In AI supply chain security, the dependency graph extends beyond code libraries to include model weights, datasets, and base container images. By analyzing this graph, DevSecOps engineers can instantly assess the blast radius of a known exploit like a dependency confusion attack. Tools that resolve this graph must handle semantic versioning conflicts and dependency pinning to generate a precise Software Bill of Materials (SBOM), ensuring every component's provenance is verifiable against immutable hashes.
Core Characteristics of a Dependency Graph
A dependency graph is a directed acyclic graph (DAG) that models the relationships between software components, where nodes represent packages and edges represent 'depends on' relationships. In AI supply chain security, it is the foundational data structure for transitive vulnerability analysis.
Directed Acyclic Structure
A dependency graph is strictly directed and ideally acyclic. Edges point from a dependent package to its dependency. The acyclic property prevents circular references (e.g., Package A requiring Package B, which requires Package A), which would cause infinite loops in resolvers. Resolution algorithms like those in pip or npm perform topological sorting to determine a valid, flat installation order from this graph. In machine learning pipelines, this structure maps not just Python packages but also model weights, tokenizers, and preprocessing scripts.
Transitive Dependency Resolution
The graph captures not just direct dependencies but the full transitive closure—the complete tree of all nested requirements. A single top-level import of transformers can pull in hundreds of sub-dependencies. This is critical for security because a vulnerability in a deeply nested, indirect dependency (e.g., a logging library six levels deep) is invisible without graph traversal. Tools like Software Composition Analysis (SCA) scanners walk this transitive graph to identify known Common Vulnerabilities and Exposures (CVEs) across the entire supply chain.
Version Constraint Nodes
Each edge in the graph carries a version constraint (e.g., >=1.0.0, <2.0.0 or ~=3.2.1). The dependency resolver must find a set of concrete versions that satisfies all constraints simultaneously—a problem known as version set solving, which is NP-complete in the general case. In AI supply chains, conflicting version constraints on shared libraries like NumPy or protobuf are a frequent source of dependency hell, leading to brittle, non-reproducible builds. The graph makes these conflicts explicit and traceable.

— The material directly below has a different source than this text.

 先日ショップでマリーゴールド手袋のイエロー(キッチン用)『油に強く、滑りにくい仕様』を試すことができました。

Build vs. Runtime Subgraphs
A complete dependency graph distinguishes between build-time and runtime dependencies. Build dependencies (e.g., compilers, code generators, CUDA toolkits) are required only during model training or artifact compilation. Runtime dependencies (e.g., inference servers, ONNX runtimes) are needed in production. This separation is crucial for minimizing the attack surface of deployed AI systems. A production container should exclude build tools to prevent an attacker from compiling malicious payloads post-exploitation.

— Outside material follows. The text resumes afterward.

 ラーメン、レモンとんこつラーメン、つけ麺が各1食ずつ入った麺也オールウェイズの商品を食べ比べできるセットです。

Integrity Verification via Hashes
Modern dependency graphs associate each resolved node with a cryptographic content hash (e.g., SHA-256). This transforms the graph from a purely logical map into a verifiable integrity record. When combined with a lockfile (e.g., poetry.lock, package-lock.json), the graph pins every transitive dependency to an exact, immutable artifact. Any tampering—such as a dependency confusion attack substituting a malicious package—is immediately detectable because the hash of the downloaded artifact will not match the graph's recorded hash.
Visualization for Incident Response
During a zero-day vulnerability disclosure (e.g., a critical CVE in a common library like log4j or pillow), the dependency graph becomes an incident response tool. Security engineers query the graph to instantly identify every affected path—every top-level project that transitively depends on the vulnerable component. This enables precise, surgical remediation rather than blanket upgrades. Graph databases and tools like Graphviz render these dependency trees, highlighting the vulnerable node and all inbound dependency paths.
Frequently Asked Questions
Explore the core concepts behind dependency graphs, the foundational data structures that map software relationships and enable automated vulnerability analysis in modern AI supply chains.
A dependency graph is a directed, acyclic graph (DAG) that models the relationships between software components, where nodes represent packages, libraries, or modules, and directed edges represent a 'depends on' relationship. In the context of AI supply chain security, the graph maps the entire tree of transitive dependencies—meaning if Package A depends on Package B, and Package B depends on Package C, the graph explicitly links A to C. This structure works by enabling automated Software Composition Analysis (SCA) tools to traverse the graph algorithmically, performing transitive vulnerability analysis. When a new critical vulnerability like CVE-2024-3094 is published, the graph instantly identifies every root application in the environment that is affected, even if the vulnerable library is buried five layers deep in the dependency tree.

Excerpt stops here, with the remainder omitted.